24 June 2011

Visual Art: James Barsness at Arthur Roger Gallery

     This post-modern body of work utilizes traditional elements of Christianity, Buddhism and folklore to face contemporary issues of obscenity, feminism, cultural trends and consumerism.  "My art partly has to do with my crackpot ideas about life and living," says Barsness in an interview with Hard Press Editions. "I'm interested in how groups of people interact in a continuous environment like a town. It's primarily about the suppression of our natural interests for the good of the whole. I think it's that moment of suppression that initiates much of our creative energy."  
   The statement certainly rings true for this exhibit.  The imagery and themes are wildly creative, playful, and whimsical.  In his artist statement, Barsness says that his complex compositions are influenced by Breughel, Bosch, R.J. Crumb, Tibetan sacred painting and the artistic traditions of Thailand, India and Ireland.

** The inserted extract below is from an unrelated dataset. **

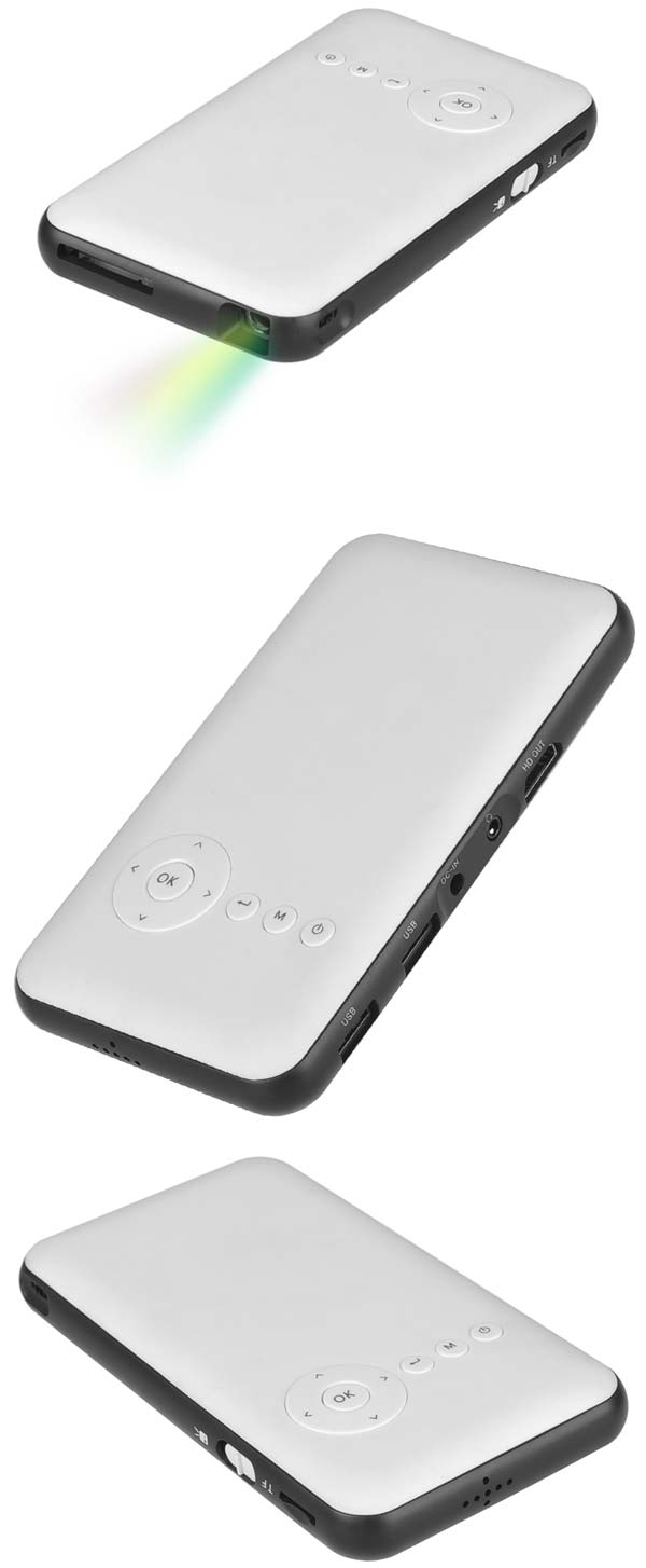 Мини DLP проектор M6 основан на 4-ядерной SoC RK3128, обладает 8ГБ расширяемой флеш памяти и 1ГБ оперативной, управляется Android 4.4. Изделие проецирует изображение на расстояние от 1 до 5 метров с диагональю от 30 до 120 дюймов, "родное" разрешение - 854x480, что не мешает показывать и Full HD видео.

    These eight paintings featured at Arthur Roger Gallery
last month have the similar formal components of highly stylized figure treatment and nature motif. Barsness uses intricate dot patterns and lines to create elaborate geometric forms that are not necessarily visible until the viewer gets close. These patterns and the wide color palette compose grotesque, animalistic figures that explore human behavior and desires in terms of contemporary values of pop culture and consumerism. The strongest part of this exhibit is Barsness’ captivating style; the ornate details absorb and captivate.